The Norwegian girl shrugs again to demonstrate her skepticism. This bird is never happy, she has noticed. It shits everywhere. The bird shits on the furniture that the old man built with his own hands. The bird shits on the clean tile floor of the kitchen. During past visits to Shmuel’s house Eva has watched the bird fly into windows. After hitting the windows the stunned bird falls to the floor. The bird gets up and flies into windows again. Then the bird shits again. Lately the old man is not so happy either.

This afternoon Habibi appears more friendly however. On the table top it hops closer. The old man offers crumbs from his plate but the bird, it seems, wants the whole loaf.

The tafara jumps up onto the loaf of banana bread. The bird pecks once or twice at the soft brown crust. The bird shakes its feathers all around, and becomes completely motionless. The bird shits on the bread.

The old man lunges toward the coffee table. The old man is too old to move so fast but he moves fast anyway. He swings his peasant’s hands wildly in the air, but the bird flies away. The old man curses in Polish or Hebrew, Eva is not sure which. Shmuel looks at the birdshit which is silver like mercury. Using a napkin the old man tries to clean the shit from the loaf of bread but the birdshit spreads like butter. The old man takes the plate of bread back into the kitchen.

Now begins the most important part of the weekly tea ceremony. Shmuel returns and puts a small glass on the table in front of Eva. Shmuel goes to open one of the cabinets that he built with his own hands. From the cabinet he takes a bottle. On its perch atop the cabinet the bird turns its head to watch. The label on the bottle says it contains Polish vodka. That, Eva knows, is a lie.
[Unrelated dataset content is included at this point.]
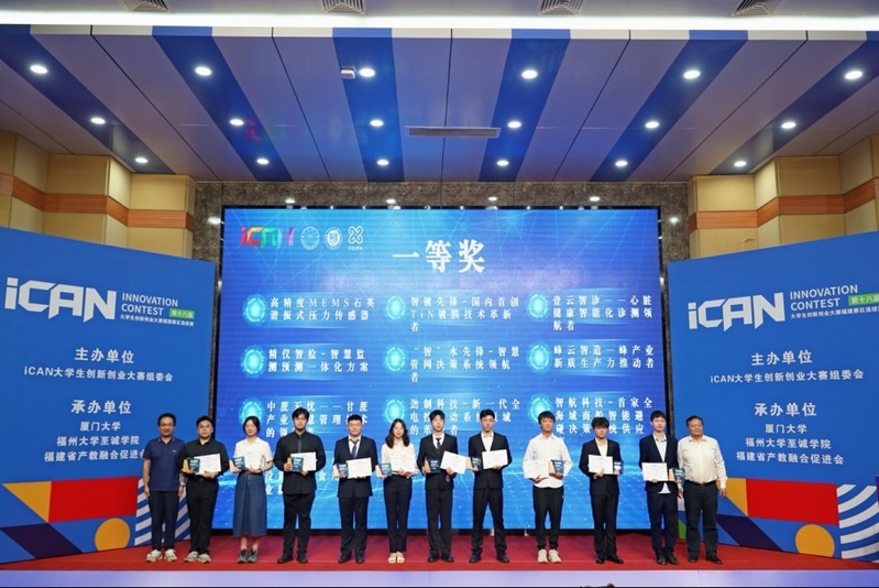 、福建省产教融合促进会承办,共有来自厦门大学、福州大学、福建农林大学、集美大学、厦门理工学院、闽南理工学院、福州外语外贸学院等30所省内高校的182支队伍、746人参赛,参赛作品覆盖智慧家庭、智慧农业、智慧社区、智慧医疗、智能交通、智能穿戴、智能制造等10个领域,最终,《壹云智诊—心脏健康智能化诊测领航者》《高精度MEMS石英谐振式压力传感器》《智航科技—首家全海域商船智能避碰决策系统供应商》等12个项目获得福建赛区一等奖并代表福建赛区进入全国iCAN大学生创新创业大赛总决赛。 为保证赛事的公平公正,赛前,各团队通过抽签决定答辩次序,评审专家组成员也是通过公开征集等方式从高校、重点行业、投资机构等遴选,并按照规避原则,最终由来自福州大学、中科院海西院泉州装备研究中心、福建华鼎智造、福建清新资本等单位的15名知名专家组成,覆盖赛道专业领域,保证赛事高质量进行。经过一上午的激烈角逐和专家评

Each week that Eva is here the bottle is twice as dusty as the week before. Each week that Eva comes here the bottle is completely full. Anyone except Eva might think that this bottle of Polish vodka is magic. But Eva’s father in Norway also has a magic bottle. Eva’s father once received a gift of very expensive Scotch whisky. Eva’s father drank all the expensive whisky himself. Then he refilled the bottle with cheap American whisky and served the cheap whisky from the expensive bottle to his friends. “People drink with their eyes,” Eva’s father told her. These days Shmuel can only drink with his eyes. He is a voyeur. The kibbutz doctor only allows him to watch others drink.

Shmuel smiles like a pervert as Eva raises the vodka to her lips. “L’bria!” he says, toasting Eva’s health with his own empty glass.

Eva looks at the watch on her wrist as she opens her mouth to drink. It’s late. Eva swallows the whole contents of the glass in one gulp. Too fast. Too, too fast. Swallowed so quickly the vodka tastes like kerosene.

The old man’s smile disappears. His bright eyes blink. Shmuel looks disappointed. Too fast, he agrees silently. There has been no pleasure for him in this.

Eva places the glass on the table. She stands up.

“Thank you,” she says. “I must go.”

Eva is already moving towards the door. The old man rises and says goodbye; he moves so slowly. He pulls open the door and Eva steps outside. The old man remembers to bow. The door is still open. Eva begins to run down the road. Shmuel remembers to bow but he has forgotten to be careful. A splash of color like a red-green-black-and-white rainbow passes over his head. The rainbow is the tafara.

The bird flies to the big cedar tree in the center of the front yard. The old man comes outside and stands on his new lawn where yellow flowers are beginning to bloom.

Eva turns around. She looks up. The bird is high on a branch in the tree. The bird is looking down at the head of the old man. The bird shits once more.

The shit falls at the old man’s feet, as the bird begins to sing.